Sustain Business Services Segment Revenue
Our Business Services segment generates the vast majority of its revenue from servicing and collecting on
our FFELP Loan portfolio and FFELP Loans for others. As a result of the elimination of FFELP in 2010,
servicing and collection revenues derived from FFELP-related sources are in decline. In 2012 we will work to
offset these declines through two primary means—pursuing additional growth and expansion of our non-FFELP -
related servicing and collection businesses and seeking to increase the FFELP-related loan servicing and
collection work we do for third parties. In 2012 we are targeting significant growth in the number of customers
we service for ED under our ED servicing and collection contracts, as well as in the total assets under
management in our 529 college-savings plans. We will explore both complementary and diversified strategies to
expand demand for our services in and beyond the student loan market.
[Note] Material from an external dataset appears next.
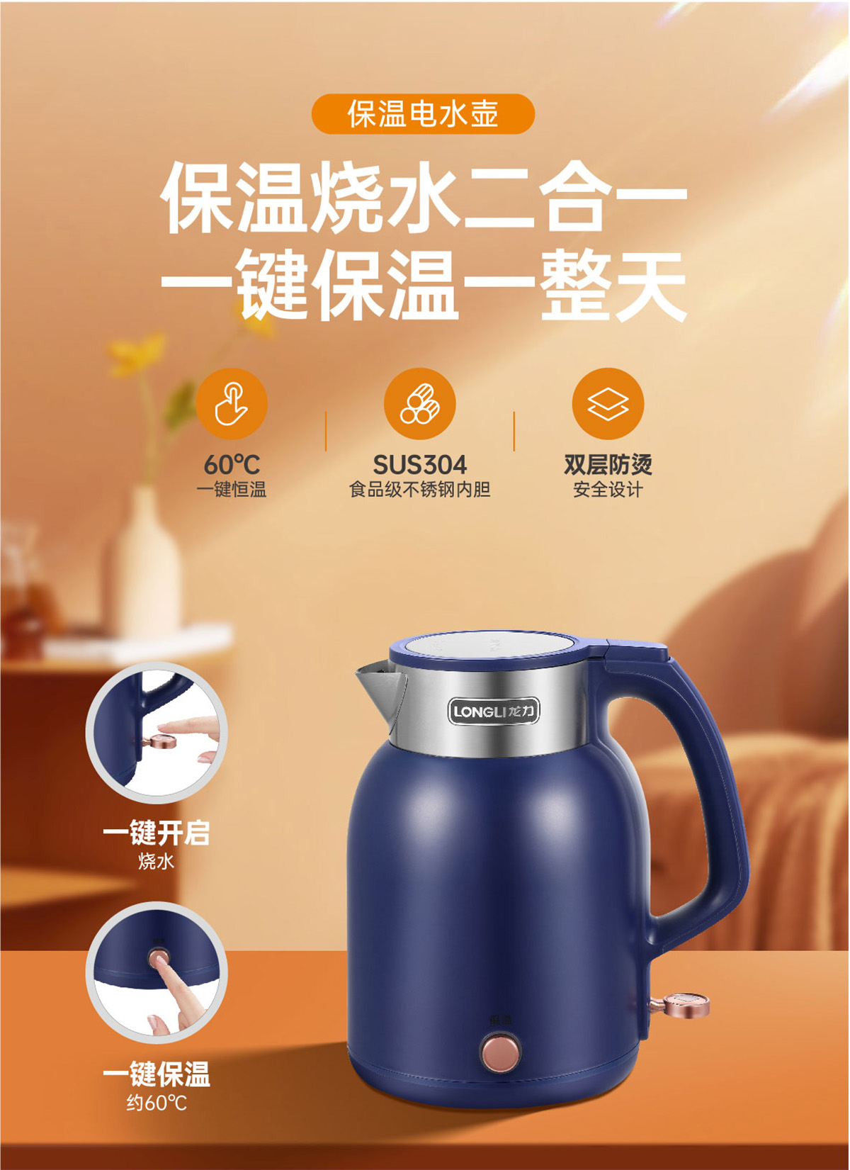 如果您覺得使用飲水機清理比較麻煩,不如試一試龍力8836電水壺吧!雙層防燙安全設(shè)計,外層采用高品質(zhì)耐高溫塑料,隔熱不燙手;食品級304不銹鋼內(nèi)膽,每一口都是放心水,無縫內(nèi)壁不易藏污納垢;使用進口溫控器,24小時長效保溫,喝水無需反復(fù)燒煮。

We will also more aggressively seek to
leverage our existing FFELP servicing platforms to be able to provide lower cost FFELP servicing to others
while increasing segment revenues from these sources.
Maximize Cash Flows from FFELP Loans
In 2012 we will continue to focus on opportunistically purchasing additional FFELP Loan portfolios from
other lenders. As cash flows from our existing FFELP Loans decline over coming years, it also becomes
increasingly important that we actively manage and continue to reduce operating and overhead costs attributable
to the maintenance and management of this segment. Continuing to reduce these operating and overhead costs
will also increase net income for our Business Services segment.
Reduce Operating Expenses
We achieved our 2011 management objective of having a quarterly operating expense of $250 million or
less in the fourth quarter of 2011. In 2012 we will strive to sustain or improve on this quarterly run rate for the
full fiscal year.
Improve Our Financial Strength
In January 2012 we announced an increase in our quarterly dividend to $0.125 per share and a new $500
million common share repurchase program. Of equal note, it is management’s objective for 2012 to provide these
increased shareholder distributions while at the same time ending 2012 with a balance sheet and capital positions
as strong or stronger than those with which we ended in 2011.